(Reuters) - The owner of Tinder and OkCupid is being sued by U.S. regulator for seeking to draw in potential subscribers with emails from fake users expressing interest in pairing up.
The U.S. Federal Trade Commission on Wednesday alleged that Match Group Inc (MTCH.O) knowingly sent automated advertisements via Match.com with expressions of interest from accounts which it knew were likely fake.
The emails in question, which did not include user pictures, told recipients that a particular profile had expressed interest in them and gave them a link to click to see details, leading to a subscription page.
"The FTC has misrepresented internal emails and relied on cherry-picked data to make outrageous claims and we intend to vigorously defend ourselves," Match Group said bit.ly/2mEyzRm.
The FTC said some users had purchased subscriptions to see the details of the users.

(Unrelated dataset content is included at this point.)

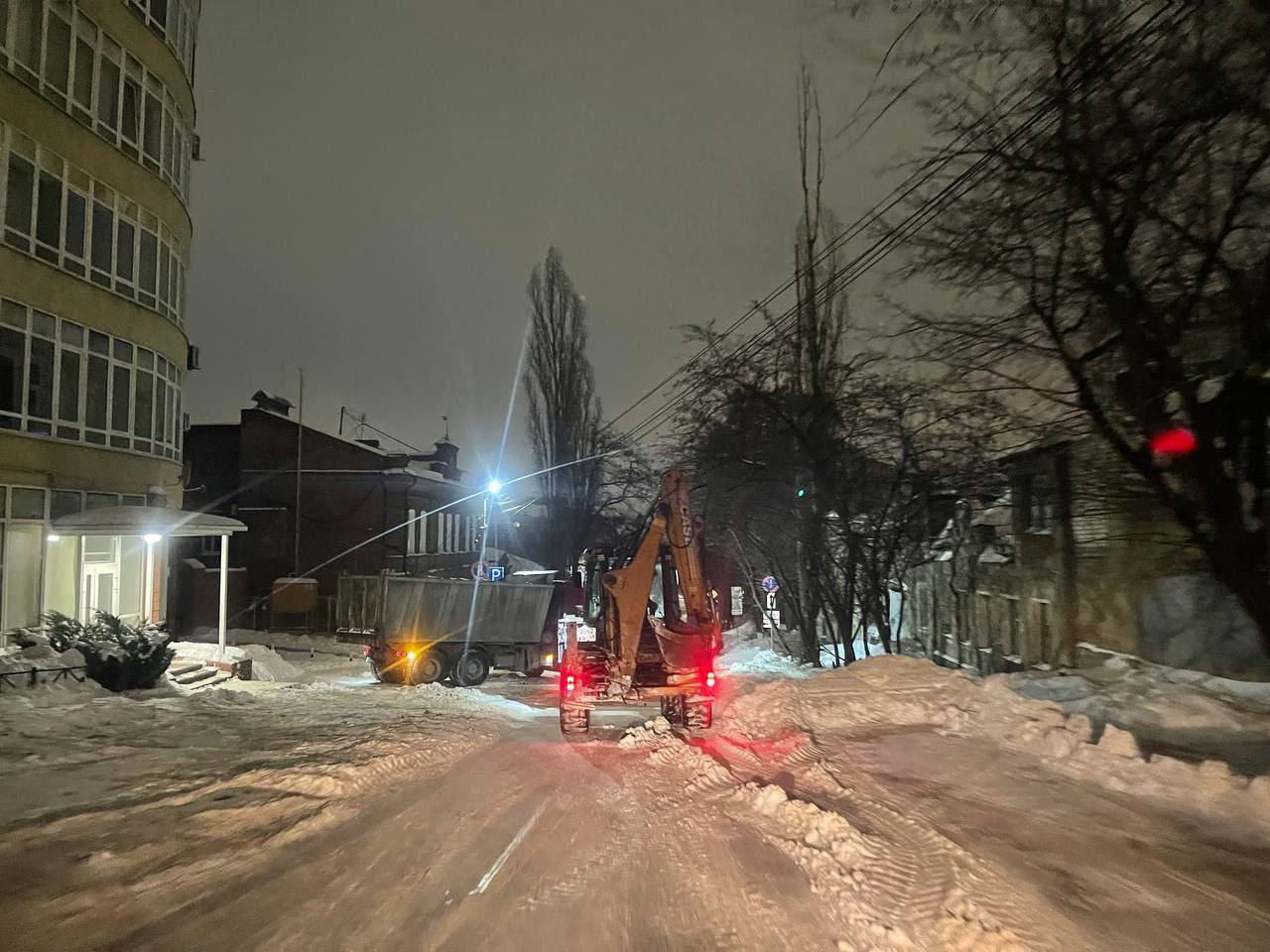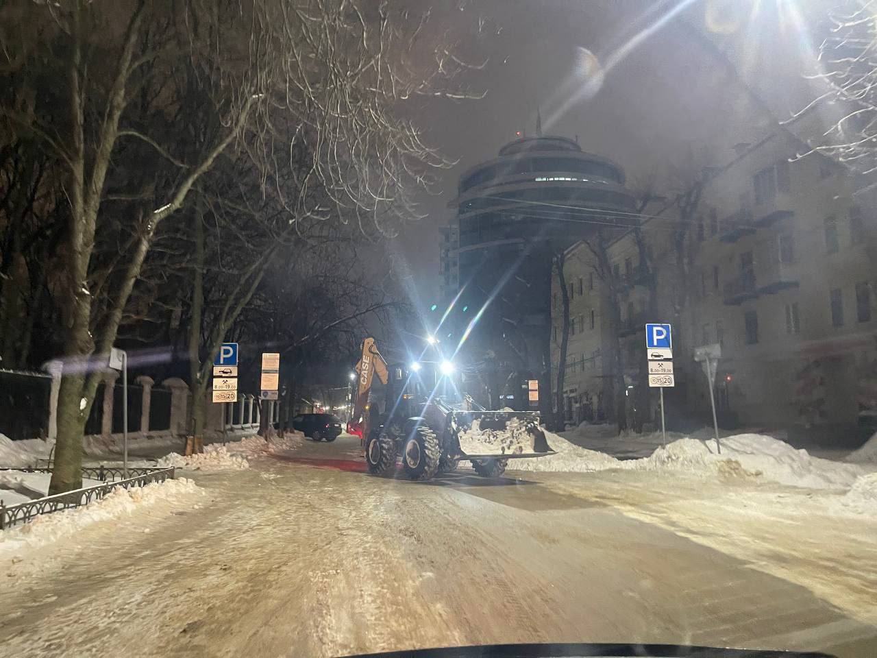 Прошедшей ночью работало почти 30 единиц техники комбината благоустройства, которые были задействованы как в процессе уборки и вывоза снега с улицы Остужева и остановок общественного транспорта на улицах Фёдора Тютчева, Минской, Электровозной...

"We believe that Match.com conned people into paying for subscriptions via messages the company knew were from scammers," Andrew Smith, director of the FTC's Bureau of Consumer Protection, said bit.ly/2l99PjS.
In its most recent quarterly report, Match said that in August 2019 the FTC referred claims against it to the U.S. Department of Justice and that it believed they were without merit.
Shares of Match Group fell 3%, while those of its parent group InterActiveCorp (IAC.O) dropped nearly 4%.
The FTC also said consumers who considered purchasing a Match.com subscription generally were unaware that as many as 25% to 30% of Match.com members who register each day are using it to perpetrate phishing schemes and extortion scams.
The agency alleged that the company also made it difficult for consumers to cancel their subscriptions.